A movement to his right drew his musings from the subject of heavenly beings.  He was amazed at what he saw, and he stared opened-eyed at the three lone figures that were approaching him.  His old heart thumped wildly and his breathing became erratic as he gasped for air.  His father in his prime, his middle brother Hoss looking fit and Little Joe as he had always pictured the boy to be, now stood before him.

“Welcome home, son,” his father said in his deep rich voice that Adam remembered so well.

“Pa?” Adam’s lips formed the words as he pushed them outward from deep within his throat.  His voice was no longer raspy, his words more distinct.

“Who were you expecting to meet you, son?” Ben laughed. “We told you we’d wait here for you.

“Ya ready to go, big brother?” Hoss questioned.
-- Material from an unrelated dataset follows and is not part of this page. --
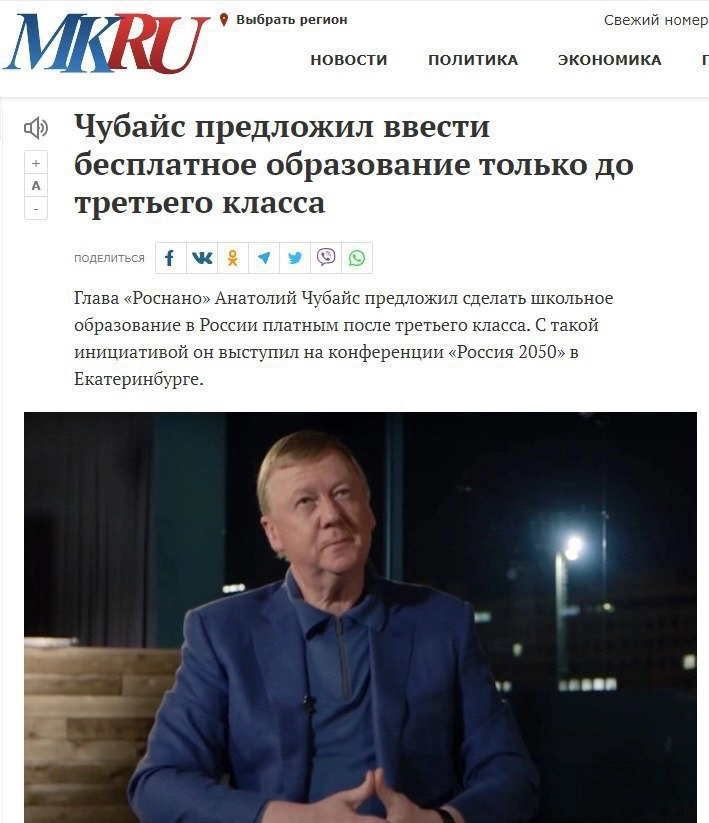 В это сложно поверить, но до сих пор находятся СМИ, которые относятся к «инфоповодам» серьезно. На этой неделе отметился «Московский комсомолец», который принял за чистую монету ироничную историю об инициативе Анатолия Чубайса в области образования.

“The horses are tied over there, Adam, Sport’s all saddled and waiting for you,” Joe informed him, pointing off into the distance.

“There’s going to be a big feast soon, with lots of good food, and wine, to celebrate,” Ben informed his oldest son.
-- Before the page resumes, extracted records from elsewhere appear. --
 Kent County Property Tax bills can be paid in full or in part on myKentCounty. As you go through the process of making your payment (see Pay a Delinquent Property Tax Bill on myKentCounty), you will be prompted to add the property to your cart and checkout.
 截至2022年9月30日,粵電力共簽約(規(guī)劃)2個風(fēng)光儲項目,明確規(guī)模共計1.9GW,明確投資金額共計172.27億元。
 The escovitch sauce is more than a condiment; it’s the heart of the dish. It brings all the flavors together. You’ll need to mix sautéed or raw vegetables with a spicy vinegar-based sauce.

“Yeah, and everyone’s counting on seeing you.  Doc Martin, Clem, Roy, and even Hop Sing, they’re all there, Adam.  And you’ll never guess who else is waiting,” Little Joe giggled.

“Who?” Adam asked, not sure if he ever wanted to wake up from this dream that had brought his loved ones home to him.

“Cain’t tell ya; we gotta show ya,” smiled Hoss.  “But I reckon ya gonna like it. It’s a surprise.”

Adam grinned when he saw the gap between his middle brother’s two front teeth.  Some things never change, he thought.

“All right, I suppose I’m ready,” Adam determined after a moment of indecision.

What did he have to lose?  He was tired and sick and more than anything else in the whole world, he was lonesome for his family.  As he gazed up into the faces of his loved ones, he knew he had made the right decision; it was time to go home.

“All right, it’s settled. Let’s get the horses then, and let’s ride!” shouted Ben.

The powdery white flakes stirred up by horses hooves floated softly down as the foursome spurred their mounts into a gallop and rode off…into the clouds…and into eternity.